Pathological grading of HCC
The pathological grade is one of the vital factors affecting intrahepatic tumors recurrence, that is, high-grade tumors are associated with a high intrahepatic recurrence rate[34,35]. The management of HCC varies with different pathological grades, and patients with higher intrahepatic recurrence rates require special treatments for surgery and follow-up compared with the lower-risk patients[6,36]. Thus, accurate prediction of HCC pathological grade might promote clinical decision-making and formulation of the most appropriate treatment plan. Wu et al built radiomics signatures on the basis of T1-weighted imaging (T1WI) and T2WI generated in LASSO, and assessed the predicted values of radiomics, clinical factors, and the combined models. The results showed that there were significant differences in categorization of high- and low-grade HCCs in MRI-based radiomics signatures (P < 0.05). The predictive value of the radiomics signature model outperformed the clinical factors-based model (AUC: 0.74 vs 0.60, respectively), whereas the combined model incorporating both achieved the best performance with an AUC of 0.80 [95% confidence interval (CI): 0.65-0.90]. Another similar study by Mao et al aimed to predict the pathological grades of HCC preoperatively based on contrast-enhanced CT (CECT)-derived radiomics signatures. They established models using shape, first-order, second order, and higher-order features extracted from arterial phase (AP)- and venous phase-CECT images via recursive feature elimination and eXtreme Gradient Boosting (XGBoost). They also found that combining radiomics signatures with clinical factors significantly improved the prediction performance at an AUC of 0.8014 (95%CI: 0.6899-0.9129). It can be known that radiomics is a powerful tool for predicting the pathological grade of HCC closely related to the follow-up management, as well as extending the predictive value of clinical factors.

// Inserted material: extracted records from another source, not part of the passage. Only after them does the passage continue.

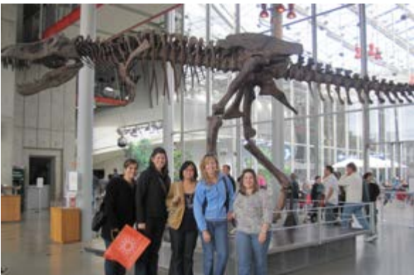
Geeking out at the Academy of Science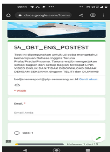
Figure 3. Post Test

Both Pre-test and Post-test are using google form inside videos and the questions from each topic of internship. Pre-test delivered to 50 cadets from 54 batch students who are doing their Shipboard training. It held on the first week of February, and the Post-Test delivered on the last of February. The test aimed to know the students' English ability. The specific achievements expected in the learning contained on this website are to increasing the student knowledge about the basic concepts of preparation for implementing "Shipboard Training/Internship" with fun, easy and communicative learning media, to increase the student knowledge about reporting in the implementation of effective Shipboard Training, and to improving the English ability in reporting. Learning Materials are conversational materials used for activities related to the implementation of Shipboard Training). The pre-test for students was conducted before they got the treatment using the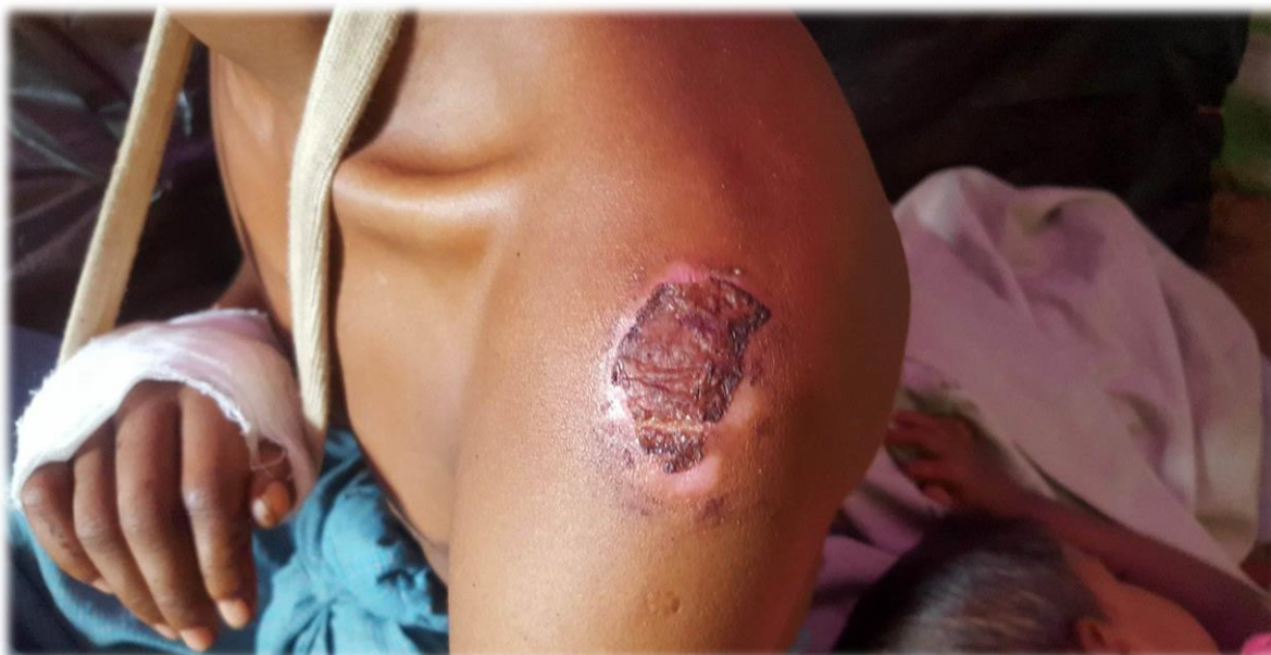
Shoulder injury to landmine victim

Regarding his other injuries, they observed that the leg wound looked like it was an “imprint injury” from the fragments of the mine, coupled with “burns from hot metal.”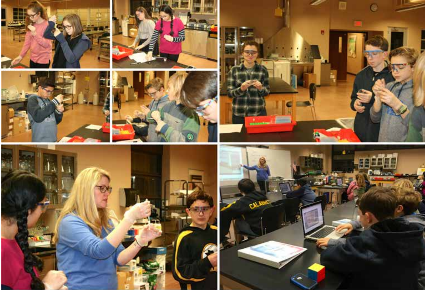
We had the chance to extract our own DNA using real laboratory equipment found in the Biotechnology lab, like microcentrifuges and micropipettes.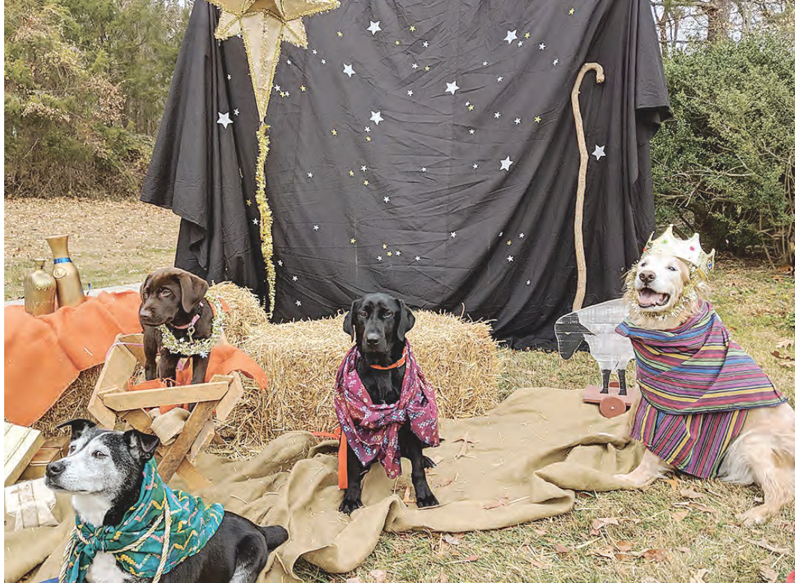
A Puppy Nativity will be held at Church of the Good Shepherd in Vienna on Saturday, Dec. 2, 2023.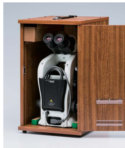
Dedicated wooden case (optional)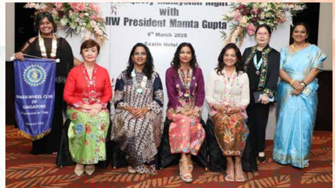
Special guests from District 332 (Inner Wheel Singapore)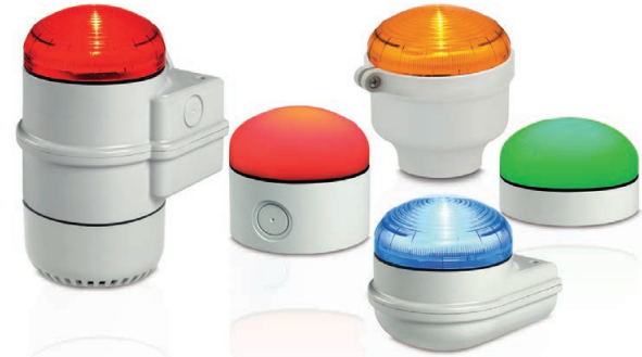
Model SLM300 and SLM350 shown with mounting base options (ordered separately)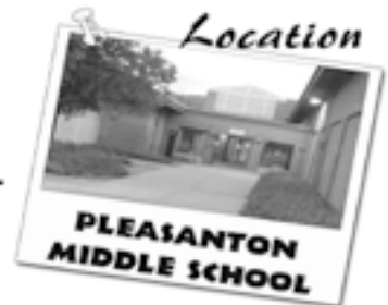
PLEASANTON MIDDLE SCHOOL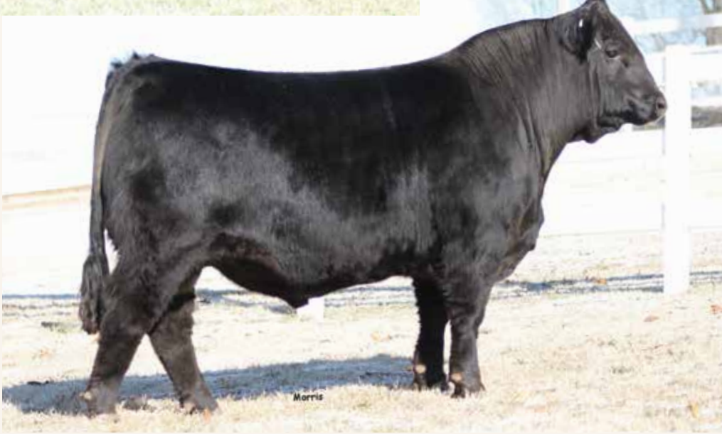
TNGC EMPIRE 736E • Sire of Lot 8A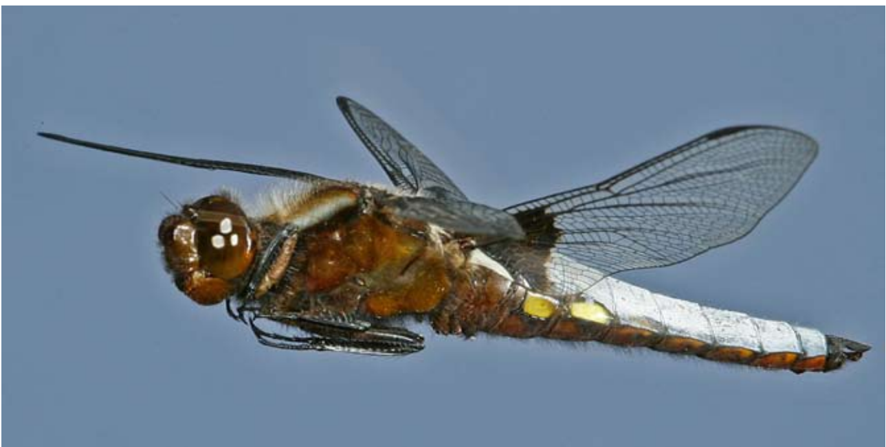
Photo 2: Libellula depressa showing how the legs are placed in flight.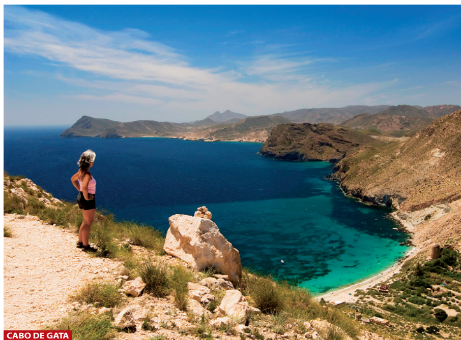
CABO DE GATA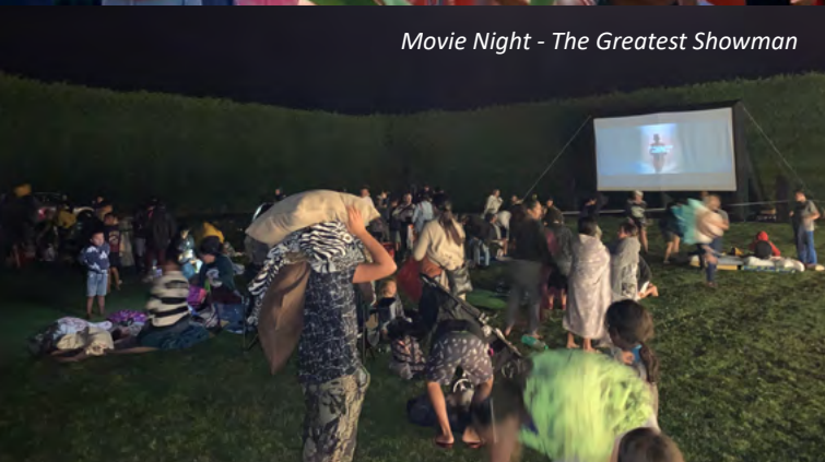
Movie Night - The Greatest Showman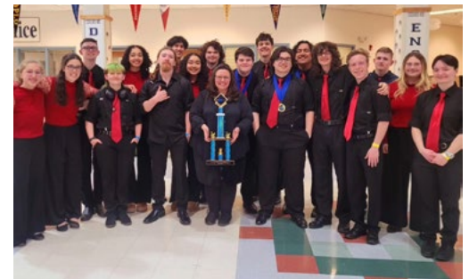
Above: At Commencement Bay Jazz Festival, Swingbeat jazz choir was awarded the overall grand champion award for best vocal group, competing against larger schools. The 11th Avenue jazz band took second place in its division and received two solo awards in the preliminary round. Swingbeat had an unprecedented seven solo awards in the preliminary round.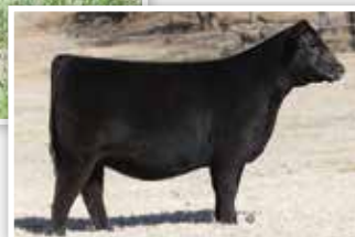
CONLEY DT SANDY 1056 $35,000 Maternal Sister to Lots 9 & 10

• This female has the build and genetic lineage to go the distance! Invest in the future of your breeding program with the addition of a female of this caliber that has the potential to follow in the footsteps of the females that line her pedigree!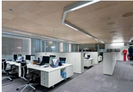
Regional head office Naturgas Energía, Bilbao, Spain LEED Platinum / Completion 2013 ETAP solution with Kardó modular light lines and D42 LED downlights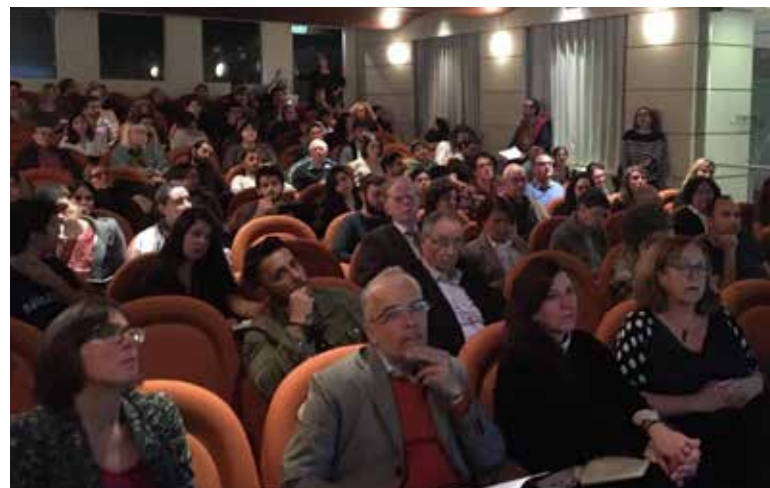
A full house for the Beyoğlu event. Beyoğlu is also the Istanbul neighborhood where NIT is located.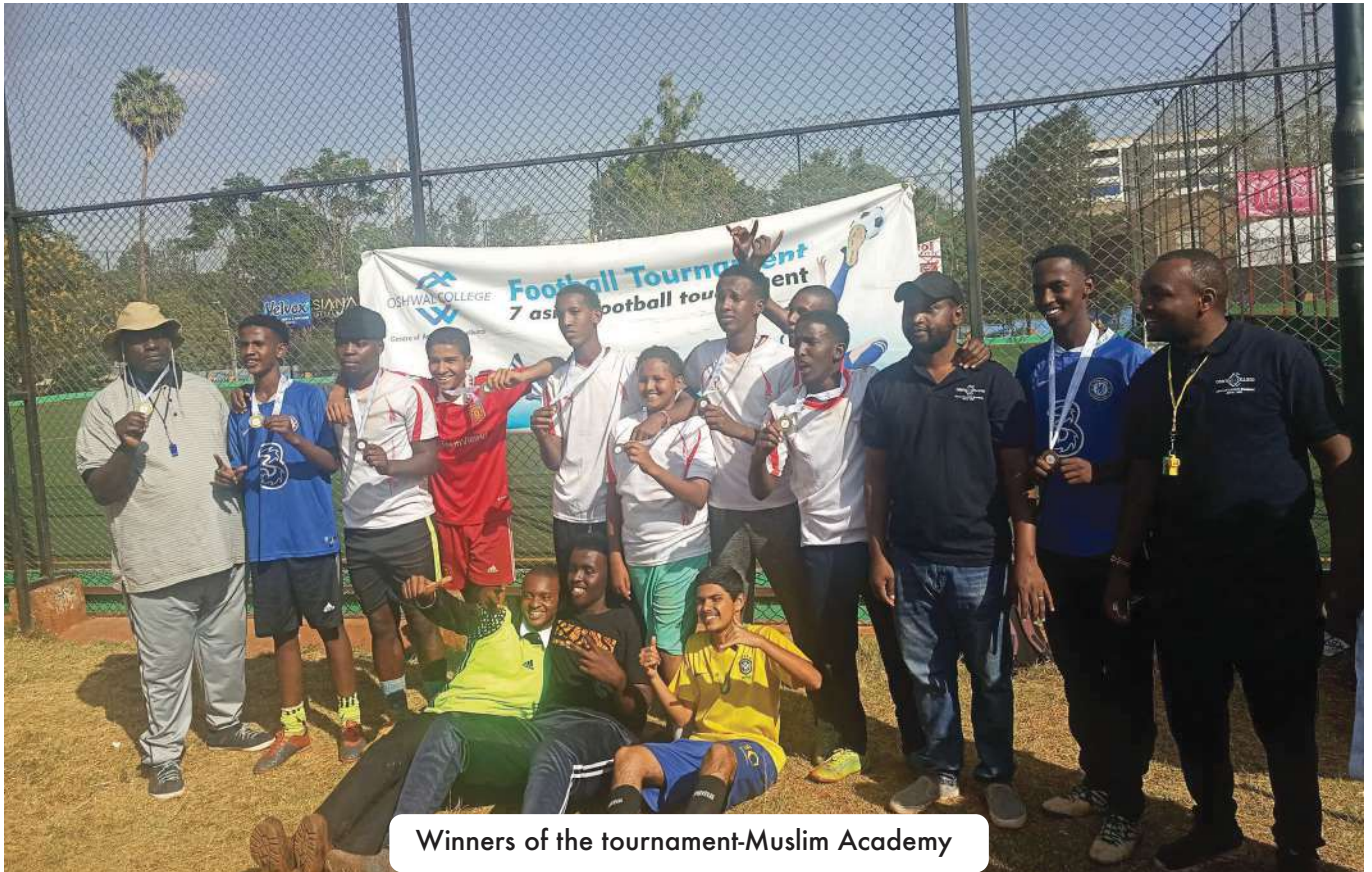
Winners of the tournament-Muslim Academy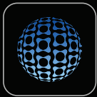
Link™ Capture Software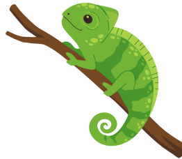
an animal climbing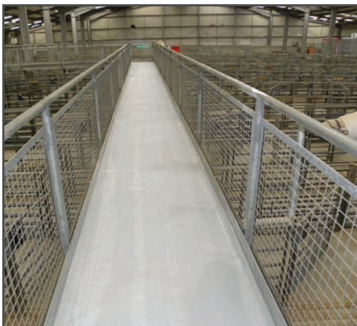
Cattle gallery with 4mm GRP gritted plate in grey

Aware that the product is suitable for multiple sectors including agriculture, marine, food and beverage and distilleries, John Bell Pipeline proposed an alternative solution to the ANM group for upgrading the viewing gallery over the cattle stalls and stair well at the Thainstone Mart, Inverurie.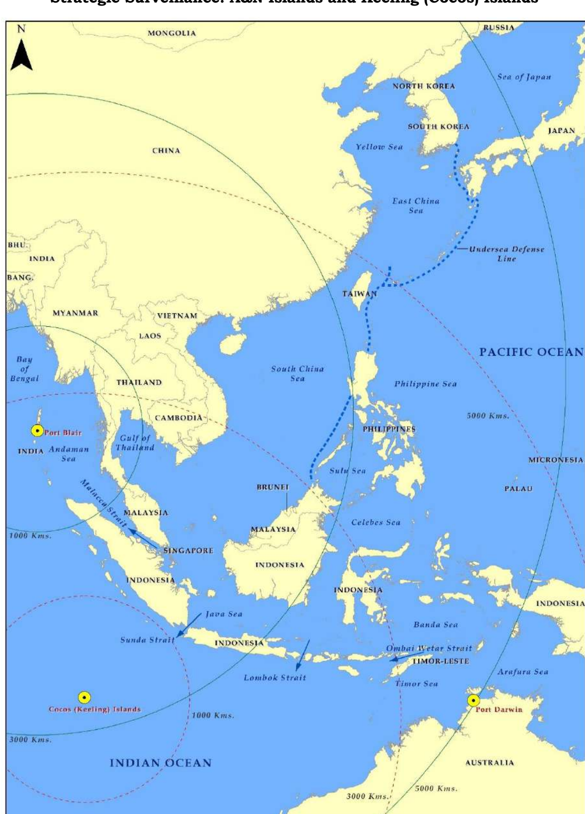
{\it Appendix}\ B Strategic Surveillance: A&N Islands and Keeling (Cocos) Islands

@ Manchar Parrikar Institute for Defence Studies and Analyses, GIS Section. Map not to scale.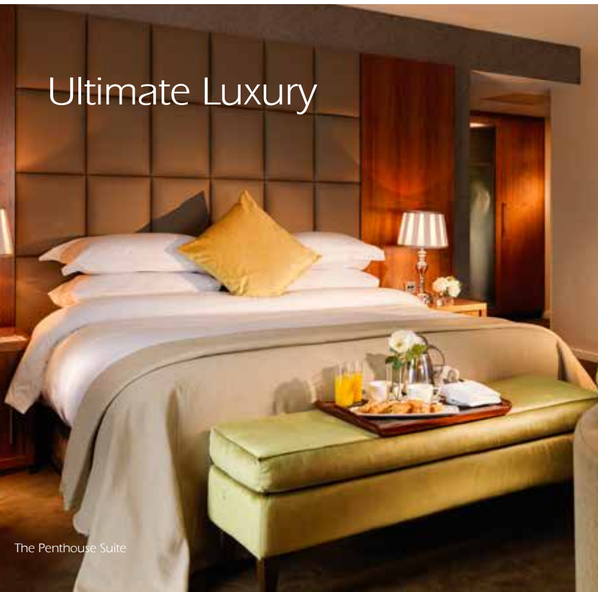
The Penthouse Suite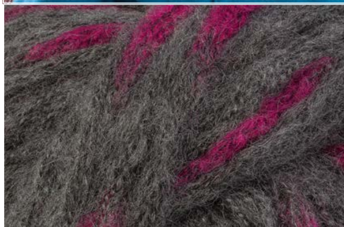
P-05 c. popiel / amarant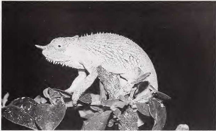
Fig. 1: Adult male of Chamaeleo (Trioceros) balebicornutus n. sp. from the Hareenna forest, Ethiopia.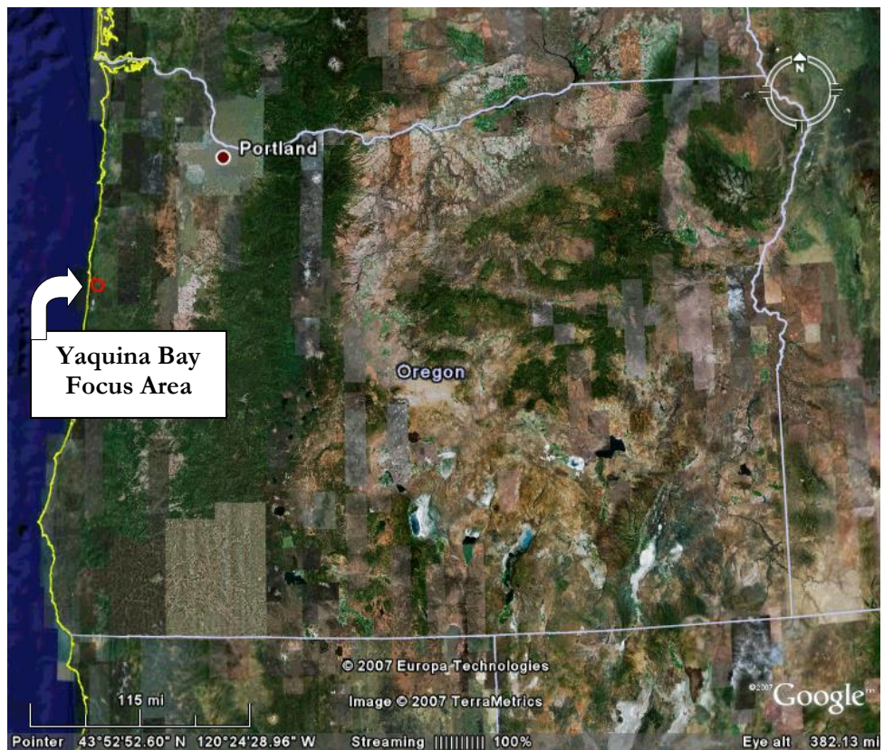
Figure 1: Oregon and the Yaquina Bay Focus Area

Our main objective when selecting our sample of five case study areas was to achieve a representation of diverse geographic regions, ecosystem types, land ownership and land uses within our sample. The Yaquina Bay study area, indicated by the red-bounded areas in Figures 1 and 2, represents the only estuary in our sample of conservation opportunity areas and the only area in our sample that is located in the Pacific Northwest. The remaining study areas can be broadly characterized into riparian (south-central Nebraska), mixed forest and swamp (southwestern Florida), low to mid-altitude dry forest (New Mexico), and temperate coastal mixed forest wetland (Maine), with a variety of different land use and ownership patterns.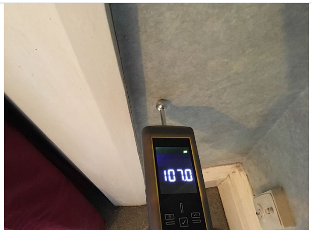
18. High reading in living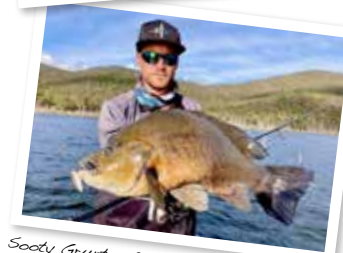
Sooty Grunter fishing at Eungella Dam

Perched high on the Clarke Range, Eungella Township is the hub for one of Queensland's most extensive protected areas encompassing Eungella National Park and Crediton State Forest. Eungella has a rich cultural history of gold mining, timber, dairying and tourism. The National Park showcases a huge expanse of magnificent sub-tropical rainforest spanning rugged gorges and escarpments. In addition to the 57km Mackay Highlands Great Walk, there are 25kms of graded walking tracks, featuring stunning mountain and rainforest scenery. Tracks range in length and level of challenge from a 300m wheelchair accessible track to an 8km one-way class 4 hike.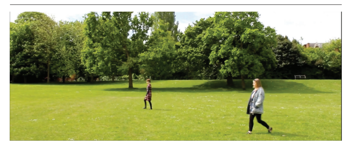
Figure 2: Still from Open Arms, Birkenhead Sixth Form College students, 2015: exploring l'intervalle

This is what the 'cent ans' approach can achieve when it works to maximum effect. In The Cinema Hypothesis, however, Bergala (2016: 43-6) worries that, too often, film teachers or other well-meaning adult gatekeepers may inadvertently (or sometimes knowingly) thwart the aim of participatory practice by insisting on the letter of approved curricula, or by seeing themselves as a co-creator claiming rights over students' taste and work, rather than as an adult opening the door to the possibilities of film-asart, and then stepping aside. In Bergala's cinephilic and administrative world, then, gatekeepers tend to be seen as people who prevent teachers and researchers from hearing and seeing the ideas, opinions and expressive thoughts of children and young people, which are not generally visible or audible in the public sphere.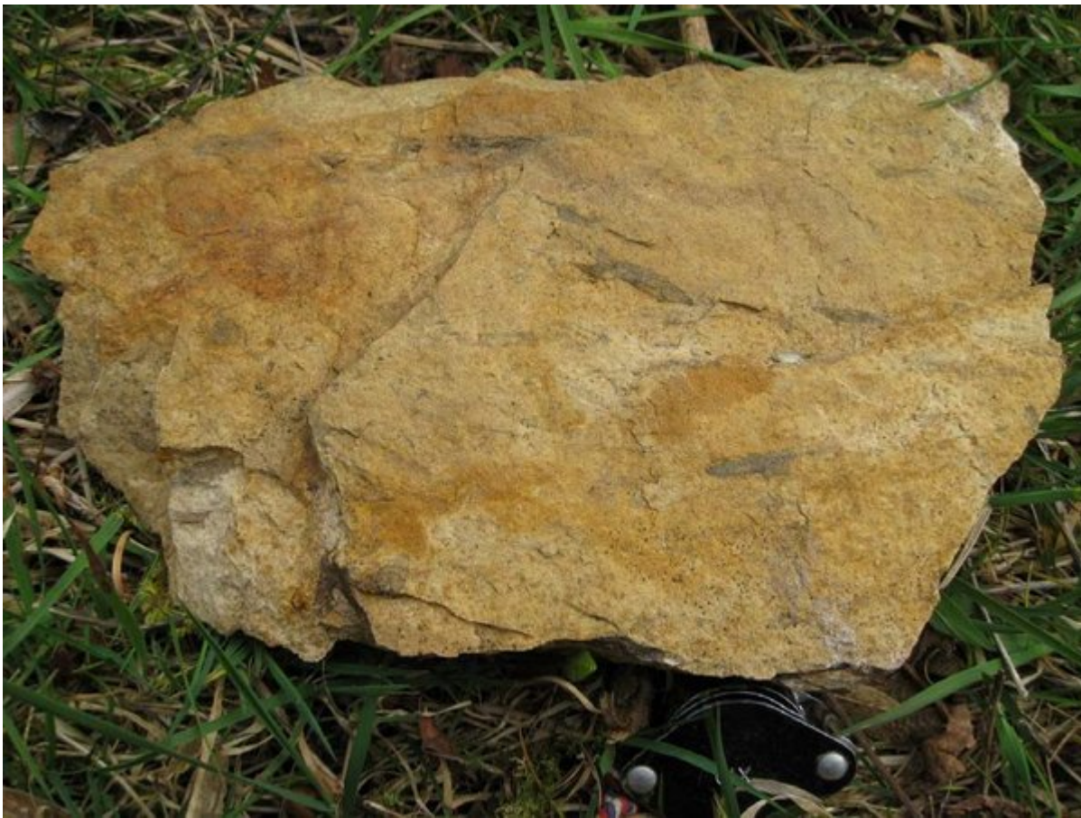
(Photo 188) Close up of the fine-grained, yellowy ochreous weathered sandstone, containing plant fragments and trace fossils.

Aggressiveness evaluation of HCC
The aggressive tumor behavior is strongly linked to the prognosis of HCC patients. Microvascular invasion (MVI), defined as tumor cell nest in vessels lined with the endothelium that can only be determined on the postoperative histologic examination, is one of the crucial independent predictors of early recurrence (ER) of HCC patients after surgical treatment[39-41]. So, it is of remarkable importance to accurately evaluate and predict the MVI of HCC preoperatively, so as to ensure and improve the prognosis of patients. Since Bakr et al pointed out the potential of a CT-based radiomics signature as a surrogate for MVI in HCC (AUC: 0.76, 95%CI: 0.58-0.94) though in a small cohort, various researchers have explored an underlying association focusing on this field. Xu et al developed a CT-based radiomics model integrating large-scale clinical factors and imaging features to predict the MVI and outcomes in surgically resected patients with HCC. The approach demonstrated good performance with an AUC of 0.909 in the training/validation set and 0.889 in the test set. A radiomics nomogram based on CECT established by Ma et al showed that portal venous phase (PVP) radiomics signatures exhibited better performance to predict MVI than AP and delay phase (DP) (AUC in validation sets: 0.793 vs 0.684 and 0.490, respectively). Another study performed in two independent centers by Zhang et al shared the same goal as those above, constructing CECT-based radiomics signatures in a LASSO algorithm and multivariable logistic regression. Enrolled patients from institution 1 were divided into the training and the test set, and patients from institution 2 served as an independent validation set, of which the AUC of MVI status predictions were 0.780, 0.776, and 0.743, respectively, and the AUC of the final MVI risk classifier-integrated clinical stage reached 0.783, 0.778, and 0.740, respectively.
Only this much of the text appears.